37 Analisis Wacana dalam Komunikasi

KAREN TRACY

0
pengantar
Komunikasi mengacu pada banyak hal: ini adalah proses di mana individu
maupun lembaga bertukar informasi; itu adalah sebutan untuk aktivitas
sehari-hari di mana orang-orang membangun, tetapi kadang-kadang
meledak, hubungan intim, pekerjaan, dan hubungan publik mereka; ini adalah
solusi yang ditawarkan secara rutin untuk masalah-masalah yang muncul
dalam masyarakat di mana orang perlu hidup dan bekerja dengan orang lain
yang berbeda dari diri mereka sendiri; ini adalah masalah intelektual yang
menarik bagi para sarjana dari berbagai disiplin ilmu; dan itu adalah nama
dari disiplin akademis tertentu yang saya sebut rumah. Dalam bab ini saya
menawarkan pandangan saya tentang analisis wacana bidang Komunikasi.
Saya menarik perhatian bahwa bab ini adalah pandangan saya, bukan untuk
meremehkan apa yang harus saya katakan, tetapi karena saya adalah
individu yang berbicara untuk "kelompok," di mana kelompok tersebut adalah
keluarga yang beragam dan bertengkar yang tidak melihat sesuatu dengan
cara yang sama.
Bab ini diawali dengan latar belakang bidang Komunikasi dan kaitannya
dengan kajian analitik wacana.

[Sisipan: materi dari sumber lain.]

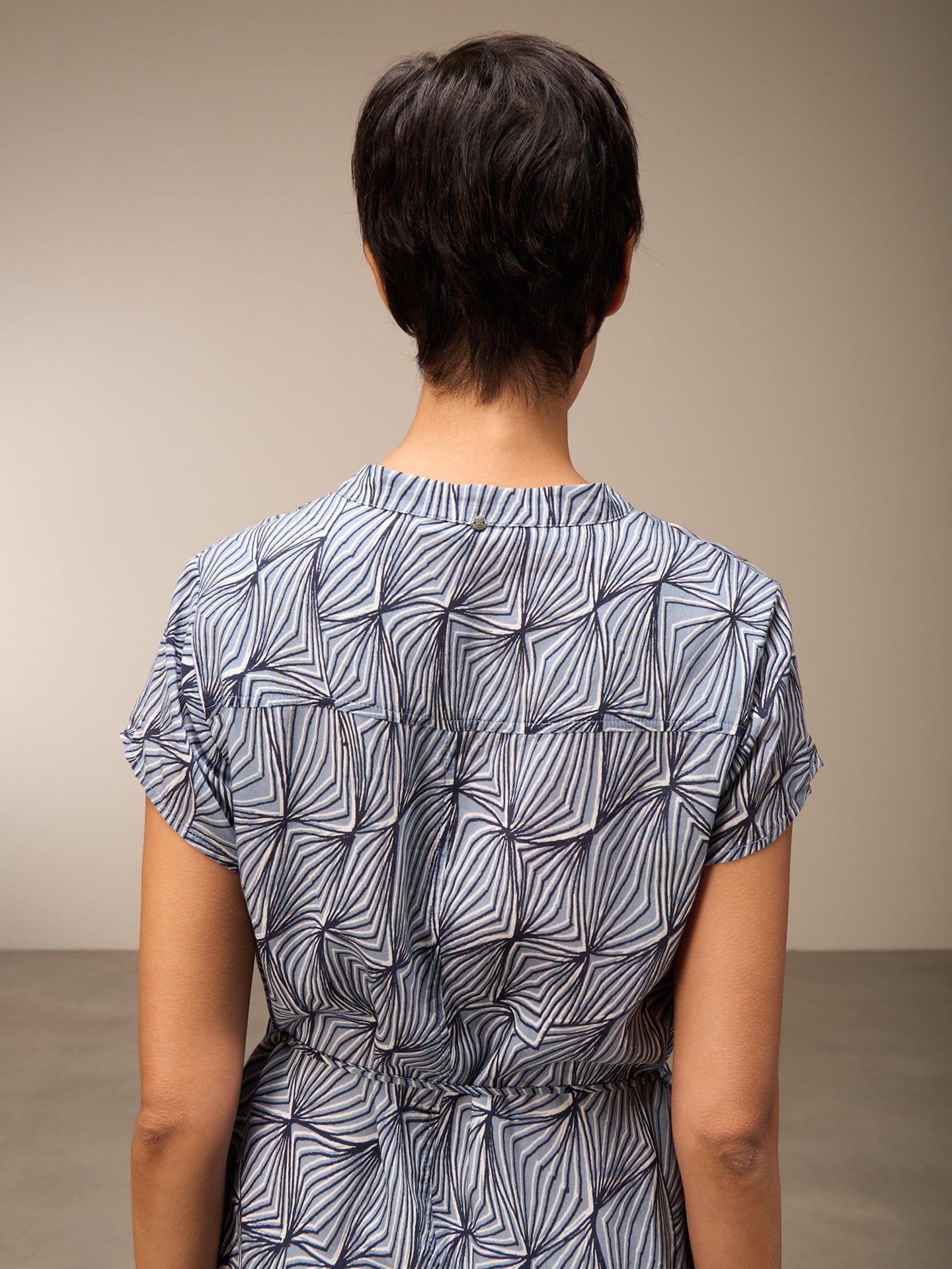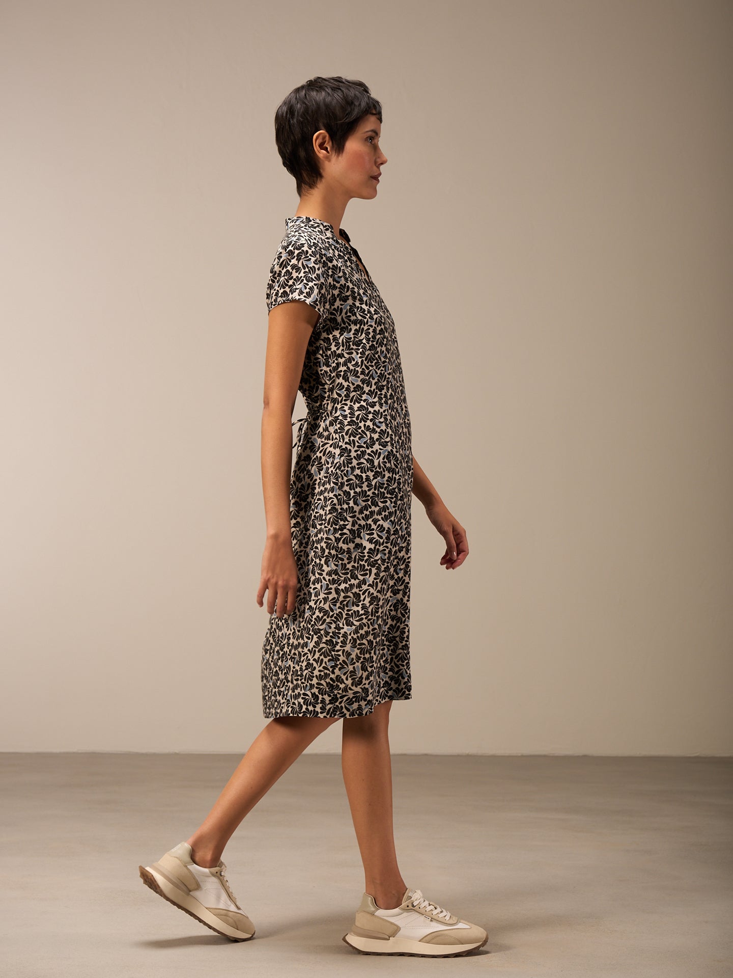 Feminines gefüttertes Kleid in leichter A-Linie mit kurzen Ärmeln, V-Ausschnitt und handgezeichnetem Alloverprint. Aus 100% TENCELTM-zertifiziertem Lyocell.

Kemudian, saya fokus pada lima contoh
penelitian wacana, analisis panjang buku yang membuat perbedaan nyata di
antara tradisi dalam Komunikasi. Dalam membahas setiap contoh, studi
tambahan yang secara topikal dan / atau serupa secara metodologis
diidentifikasi. Saya menyimpulkan dengan mengidentifikasi fitur intelektual
yang memberikan studi wacana yang dilakukan oleh para sarjana komunikasi
kemiripan keluarga.

1 Latar Belakang Komunikasi

Meski arti penting komunikasi dalam kehidupan sehari-hari relatif


transparan, sebenarnya Komunikasi sebagai suatu disiplin tidaklah demikian.
Bidang Komunikasi adalah fenomena yang sangat Amerika, menelusuri asal-
usul kelembagaannya sekitar tahun 1900, ketika awalnya ada sebagai bidang
pedagogis dalam departemen Inggris (Cohen 1994). Guru pidato perguruan
tinggi, sebagai profesional komunikasi kemudian berpikir.